While polygamy is illegal in the U.S., law enforcement officials have often turned a blind eye toward the practice unless it involved abuse and underage marriage.The raid took place at a ranch run by the Fundamentalist Church of Jesus Christ of Latter Day Saints (FLDS), a breakaway sect of the Church of Jesus Christ of Latter Day Saints (LDS) formed in the early 20th century after the mainstream church disavowed polygamy. The Texas state authorities removed 400 children and 129 mothers from their homes. Anonymous charges of under-aged marriages and child abuse led to the raid, though the many of these allegations were not substantiated and the children have since been returned to their homes.
The contributors to the book argue that the distinctive lifestyle of the FLDS has led it into conflict with outsiders. Unlike mainstream Mormonism and other polygamous groups, the FLDS is based on the one-man leadership of a prophet who can arrange marriages and dictate other aspects of members’ lives. The leader of the FLDS, Warren Jeffs, has been accused of authoritarian leadership and abusing followers, and is facing various criminal charges. Under Jeff, FLDS members, who number approximately 8,000 and live in settlements in rural Arizona and Utah, dress in 19th century clothes and have increasingly avoided contact with non-members.
But after the raid, the church promised to discontinue its practice of encouraging-often under the orders of the “prophet”– plural marriages that include under-aged young women (below the age of 18). The bad publicity surrounding the raid also forced members, including women who are traditionally taught to submissive to men, to go on the defensive, holding media interviews, testifying in state capitals about the benefits of polygamy and even starting websites that explain their positions and practices to outsiders, according to contributors Heber Hammon and William Jankowiak.
Polygamy has also recently found a place in American culture through the popular television show Big Love, which portrays a polygamous family living a modern lifestyle. A new reality show series on a polygamous family, called Sister Wives, is premiering on U.S. television this week. The book’s contributors emphasize that there are increasingly diverse polygamous communities and movements in the American West and that they do not fit the stereotype of isolated and authoritarian “cultists.” A split has occurred in the FLDS with a more liberal group, known as “the Work” or Centennial Park (the community in Arizona where the members live), emerging that practices a more egalitarian form of leadership and allows women to dress in modern clothes and lead more independent lives.

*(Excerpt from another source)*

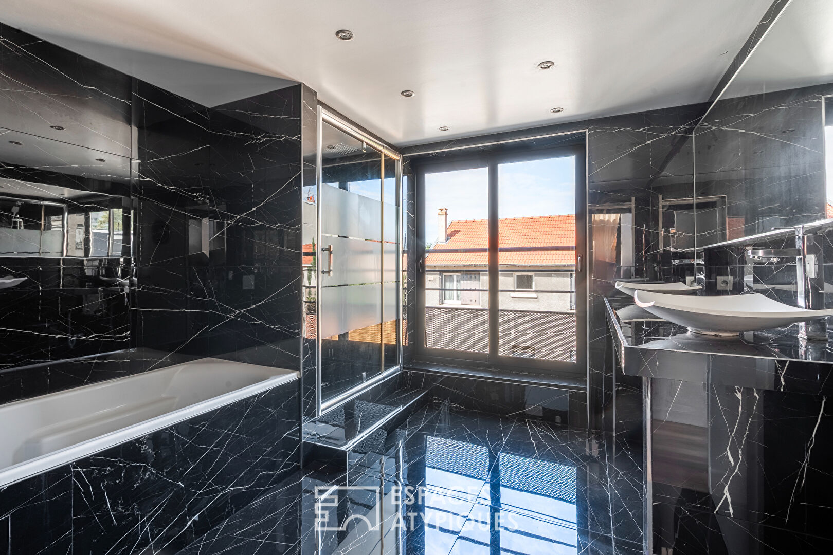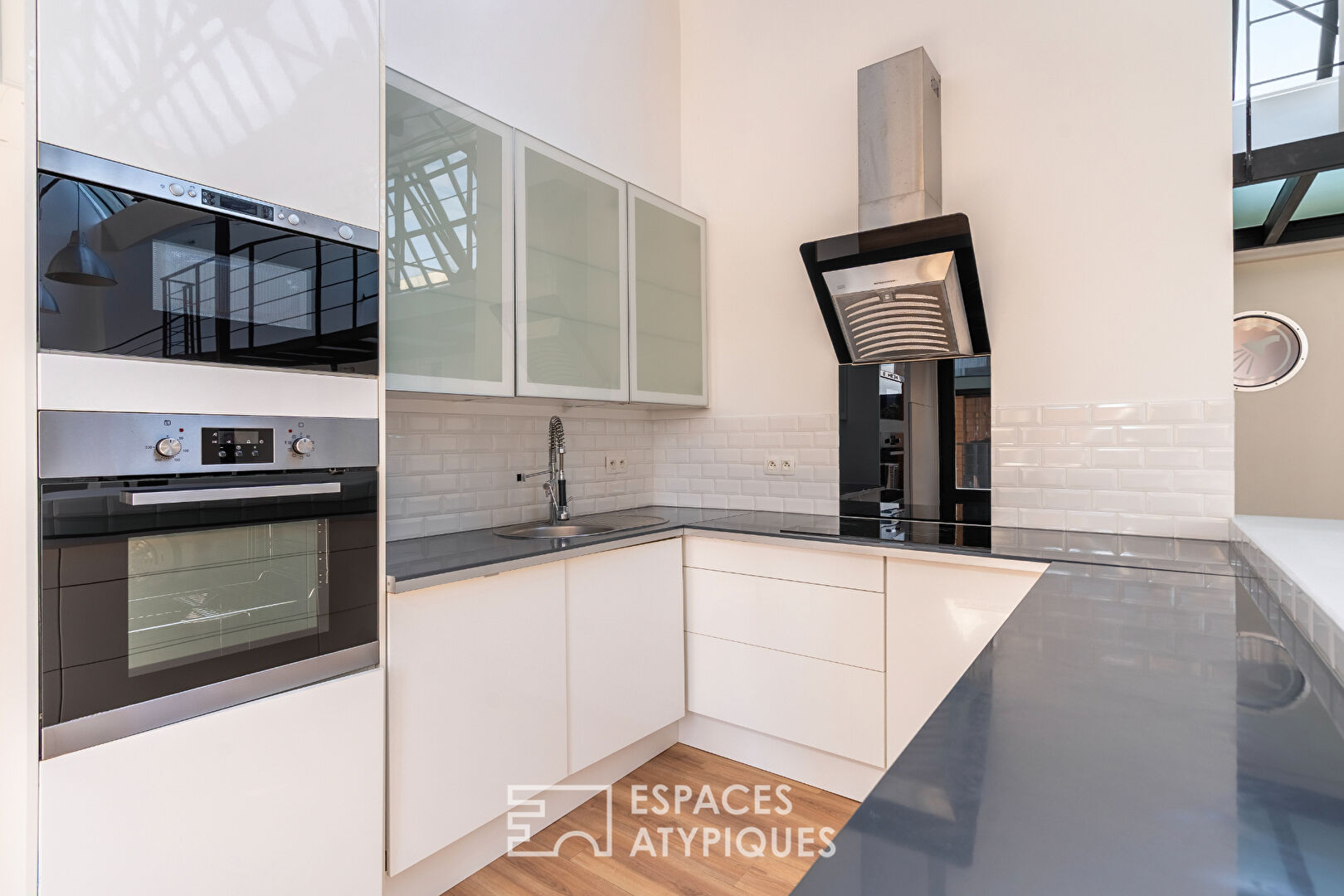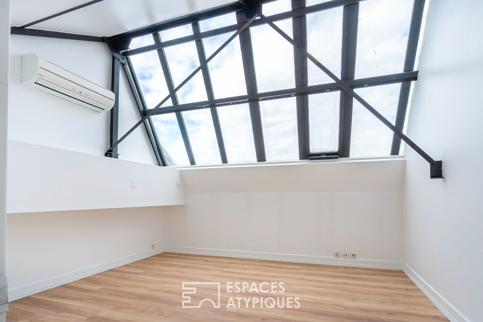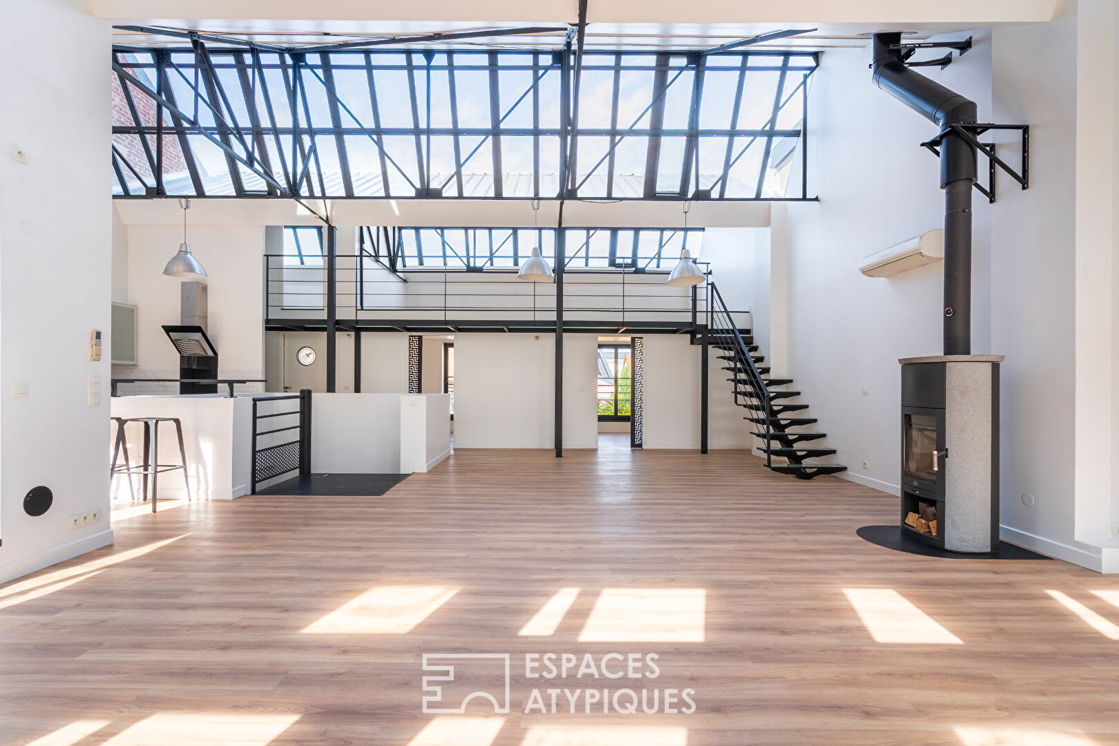 Nichée dans le quartier calme et prisé des Gondoles Sud à Choisy-le-Roi, cette ancienne cartonnerie réhabilitée abrite aujourd'hui un loft en duplex de 160 m² à l'esprit résolument contemporain. Véritable lieu de vie singulier, il conjugue architecture industrielle, volumes spectaculaires et lumière omniprésente sous un toit zénithal ouvrant culminant à plus de 5 mètres de hauteur. Au coeur du loft, la pièce de vie de 76 m² déploie des volumes impressionnants. Sa verrière d'atelier partiellement ouvrante diffuse une lumière douce et constante, sublimant chaque détail architectural. Bien plus qu'un séjour, cet espace d'exception est une véritable scène de vie. Son atmosphère accueillante et son plan modulable défient les conventions et permettent d'y dessiner un majestueux salon ainsi qu'une lumineuse salle à manger ouverte sur la terrasse de 15 m². Accessible également depuis la cuisine, elle prolonge naturellement la vie intérieure vers l'extérieur, idéale pour des moments de calme au soleil. La cuisine design, sobre et fonctionnelle, s'intègre harmonieusement à l'ensemble, tandis qu'un poêle contemporain et une climatisation réversible assurent un confort parfait en toute saison. Le rez-de-chaussée abrite deux chambres dotées de portes coulissantes japonaises et chacune pourvue d'un dressing intégré, alliant élégance, praticité et sérénité. Une spacieuse salle de bains réunit baignoire et douche à l'italienne dans une atmosphère apaisante. Des toilettes séparées complète ce niveau. L'étage révèle une spectaculaire mezzanine en suspension. Baignée d'une clarté zénithale, elle offre une vue plongeante et inspirante sur la pièce principale. Cet espace libre, véritable toile blanche, se transformera au gré de vos envies : bureau contemplatif, bibliothèque aérienne, salle de sport avec vue, ou encore salle de jeux créative. Sous un ciel de verre, la troisième chambre, véritable cocoon suspendu et baignée de lumière épouse parfaitement l'esprit atypique de ce loft hors du temps. La copropriété, à taille humaine, séduit par son ambiance conviviale, animée par des espaces communs partagés propices aux échanges et à la détente. Une place de parking couverte et un emplacement moto complètent ce bien. A moins de 10 minutes des commerces, du RER C et des écoles, ce loft atypique marie grandeur, lumière et confort familial avec élégance. Un bien immobilier de prestige, pensé comme un havre de vie inspirant et chaleureux. RER C : 10 minutes à pied Ecoles : 8 minutes à pied Commerces : 2 minutes à pied CLASSE ÉNERGIE : D CLASSE CLIMAT : B Montant moyen estimé des dépenses annuelles d'énergie pour un usage standard, indexées aux années 2021, 2022, 2023 : entre 2 060 euros et 2 860 euros (abonnement compris). Les informations sur les risques auxquels ce bien est exposé sont disponibles sur le site Géorisques : https://www.georisques.gouv.fr Contact : Angélique PEREZ 06 81 39 98 26 - Agent commercial- Numéro RSAC : 933 421 042 Créteil Copropriété de 25 lots - dont 11 lots habitation. Angélique Perez (EI) Agent Commercial - Numéro RSAC : 933 421 042 - Créteil.

The largest polygamous Mormon group is the Apostolic United Brethren (AUB), with 10,000 members, with leadership by a council of elders and a more open stance toward American society. In a chapter on other polygamous groups, anthropologist Janet Bennion notes the growth of independent polygamists who live outside of religious communities and adopt the “principle” of plural marriage in modern ways. All of these communities and families takes in convert women who value close camaraderie with “sister wives” and the lack of responsibilities of traditional mothers and wives so they lead fulfilling careers. Bennion even finds a group of evangelicals who run the Be Free Patriarchal Christian Church in Utah, which has about 1,000 members nationwide and seek to convert Mormon polygamists while approving of plural marriages.

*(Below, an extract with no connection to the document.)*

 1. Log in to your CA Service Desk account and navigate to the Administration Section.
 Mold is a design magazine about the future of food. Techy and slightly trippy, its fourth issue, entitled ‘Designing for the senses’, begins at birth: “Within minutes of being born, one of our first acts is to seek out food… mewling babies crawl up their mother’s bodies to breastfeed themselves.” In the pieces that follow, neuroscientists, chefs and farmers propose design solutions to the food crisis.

Most of the contributors agree that it is not only the promise of romance and of greater sexual opportunities that drive phenomenon of polygamy for women or men. It is not even financial security that convince women to join polygamous arrangements, since fundamentalist Mormon communities have high rates of members claiming welfare assistance. Rather, it is the assurance of salvation that women find in being married to their spiritual leader-husband, even if they have to share him with other wives.
In another chapter, Carrie Miles argues that even if the mainstream LDS church reversed itself and approved of polygamy, there would be few Mormon women interested in such an arrangement. This is because the mainstream church has disavowed and discontinued teachings and practices which give polygamy its continuing spiritual value for fundamentalist Mormons. In particular, the fundamentalist Mormon teaching and practice of “celestial marriage,” where the husband is seen as providing the means of salvation for wives, makes polygamy much sought after by both men and women in these communities. This is especially the case in fundamentalist communities where certain men are considered prophets and God-appointed leaders; marriage into such elite families provide the greatest guarantee of salvation for women.
Miles concludes that “It is only when we consider celestial marriage as based on the uniquely distributed ability to save that we can begin to understand [polygamy]. And the desire for salvation-not admiration, flattering words, or sexual attraction-is what polygamist Mormons have said was their motive all along.”
Richard Cimino
Cardell Jacobson and Lara Burton (Eds.), Modern Polygamy in the United States: Historical, Cultural, and Legal Issues, New York: Oxford University Press, 2011, 384 p.